### Task brief
Pictures do not belong in the copy; print every entry exactly as it stands.

Records for the task below:

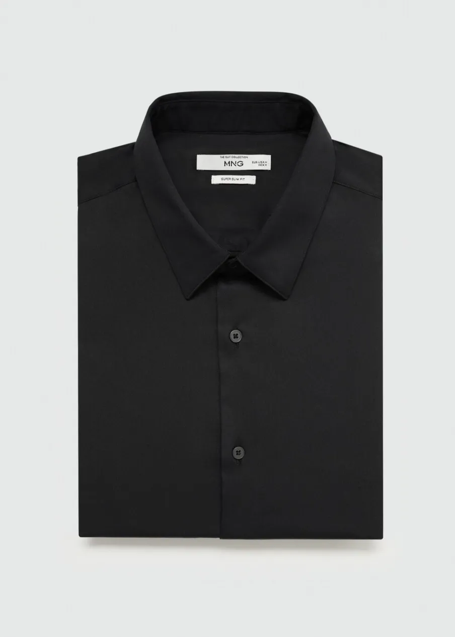 Super slim-fit. Tkanina z bawełnianej popeliny. Bawełniana tkanina stretch. Długi rękaw z guzikami na mankietach. Zapięcie z przodu na guziki. Model ma 185 cm wzrostu i nosi rozmiar M. Klasyczny kołnierzyk. Zaokrąglony dół.
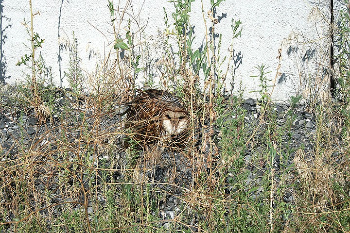 So the owls are a familiar part of the scene at the facility, and Moreno was concerned when he found an owl flopping around under a railroad car. The bird was injured, to the point where it couldn't fly when Moreno and the crew approached.
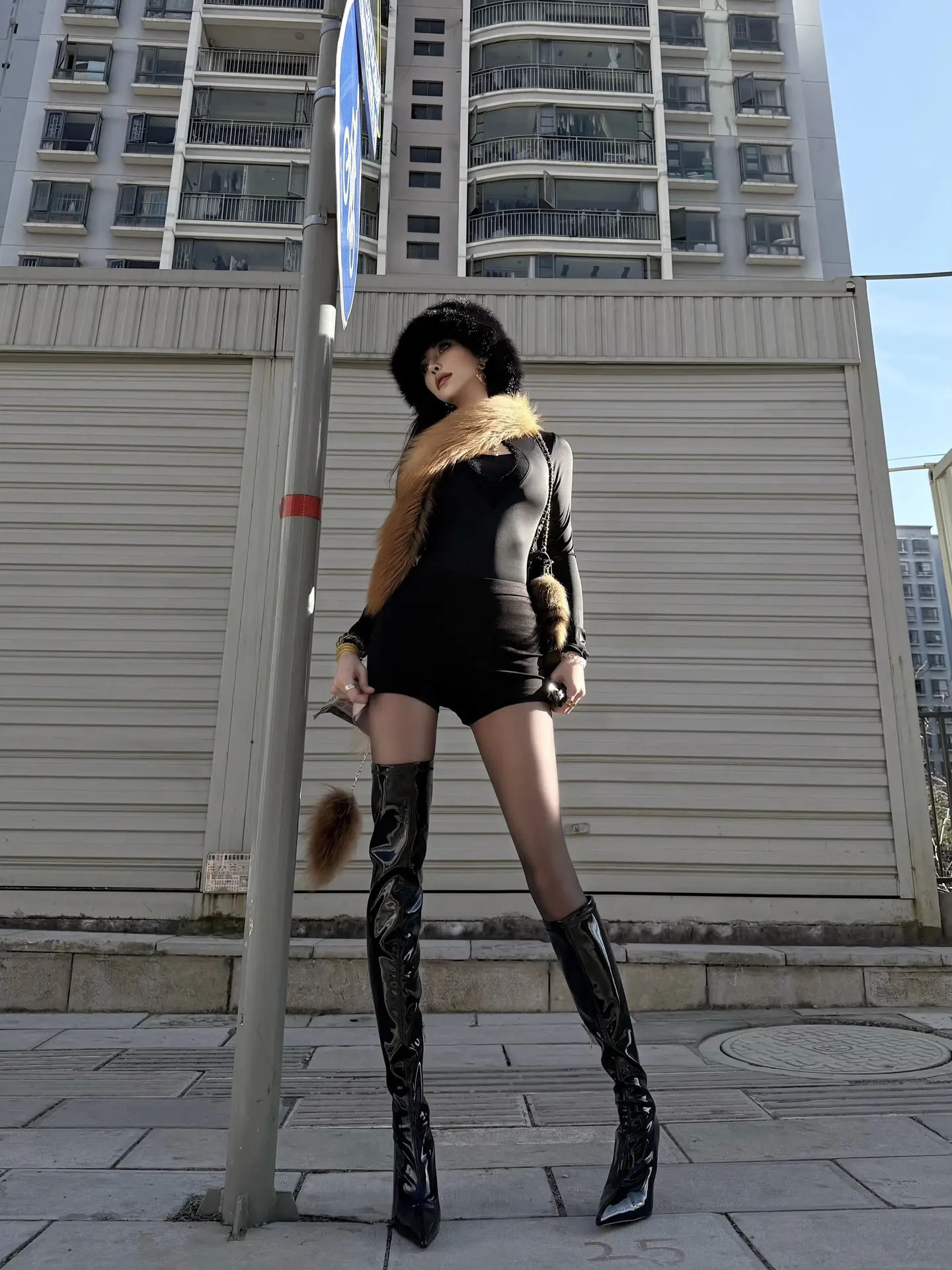 白色毛绒外套+牛仔裤+长靴,轻松驾驭都市时尚!👗👠💃
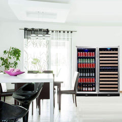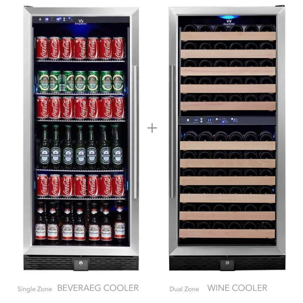Maximize your storage space for both wines and beverages with KingsBottle's 3-zone wine and beer bottle refrigerator combo. Equipped with two units, this set can hold up to 300 cans and 106 standard-sized wine bottles, ensuring that your guests will always have a cold drink in hand. The three temperature zones provide precise temperature control for each type of drink. Choose the regal standards of KingsBottle and never leave your bottles sitting on the shelf without proper refrigeration. Order today.
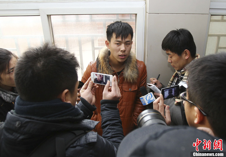 1月6日,河南兰考,上百名记者守候在袁厉害病房外,等候采访。当日,河南兰考弃婴收养者袁厉害正在医院里接受治疗。袁厉害的儿子杜鸣表示其母亲昨天晚上由于血压过高被送到医院。主治医师郭新凤介绍:袁厉害于今天凌晨0点35分左右来到医院,当时测血压是200、100毫米汞柱,当时病人头疼头晕,CT头部扫描发现没有较严重的问题。图为袁厉害小儿子讲述母亲住院经过。中新社发 王中举 摄
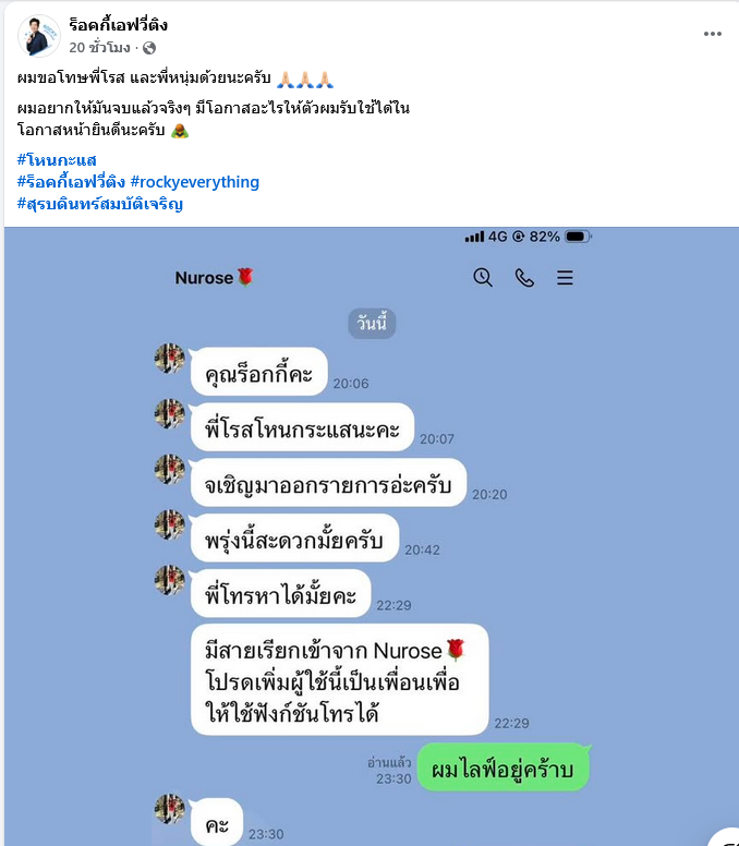 ทำเอาแฟนๆต่างเข้ามาคอมเมนต์ชื่นชมกันอย่างมากสำหรับ ร็อคกี้ สุรบดินทร์ ที่ล่าสุดได้ออกมาโพสต์ขอโทษ หนุ่ม กรรชัย หลังถูกเชิญไปรายการโหนกระเเส ท่ามกลางข่าวมรสุมชีวิตของครอบครัว
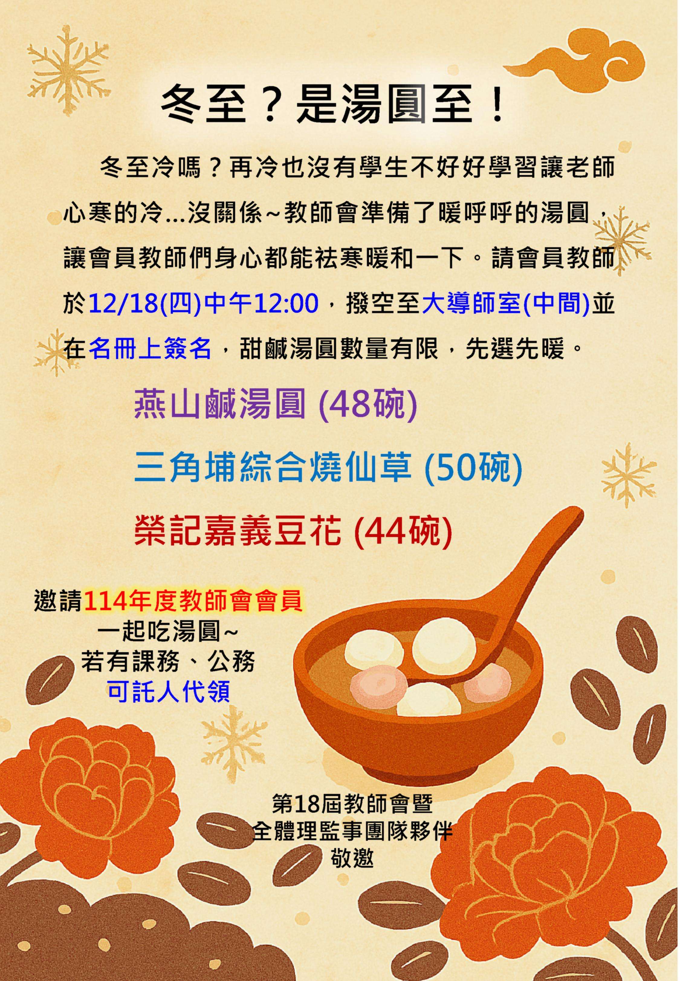 沒關係~教師會準備了暖呼呼的湯圓,

End of Records for the task.

### Solution to the exercise
 Super slim-fit. Tkanina z bawełnianej popeliny. Bawełniana tkanina stretch. Długi rękaw z guzikami na mankietach. Zapięcie z przodu na guziki. Model ma 185 cm wzrostu i nosi rozmiar M. Klasyczny kołnierzyk. Zaokrąglony dół.
 So the owls are a familiar part of the scene at the facility, and Moreno was concerned when he found an owl flopping around under a railroad car. The bird was injured, to the point where it couldn't fly when Moreno and the crew approached.
 白色毛绒外套+牛仔裤+长靴,轻松驾驭都市时尚!👗👠💃
Maximize your storage space for both wines and beverages with KingsBottle's 3-zone wine and beer bottle refrigerator combo. Equipped with two units, this set can hold up to 300 cans and 106 standard-sized wine bottles, ensuring that your guests will always have a cold drink in hand. The three temperature zones provide precise temperature control for each type of drink. Choose the regal standards of KingsBottle and never leave your bottles sitting on the shelf without proper refrigeration. Order today.
 1月6日,河南兰考,上百名记者守候在袁厉害病房外,等候采访。当日,河南兰考弃婴收养者袁厉害正在医院里接受治疗。袁厉害的儿子杜鸣表示其母亲昨天晚上由于血压过高被送到医院。主治医师郭新凤介绍:袁厉害于今天凌晨0点35分左右来到医院,当时测血压是200、100毫米汞柱,当时病人头疼头晕,CT头部扫描发现没有较严重的问题。图为袁厉害小儿子讲述母亲住院经过。中新社发 王中举 摄
 ทำเอาแฟนๆต่างเข้ามาคอมเมนต์ชื่นชมกันอย่างมากสำหรับ ร็อคกี้ สุรบดินทร์ ที่ล่าสุดได้ออกมาโพสต์ขอโทษ หนุ่ม กรรชัย หลังถูกเชิญไปรายการโหนกระเเส ท่ามกลางข่าวมรสุมชีวิตของครอบครัว
 沒關係~教師會準備了暖呼呼的湯圓,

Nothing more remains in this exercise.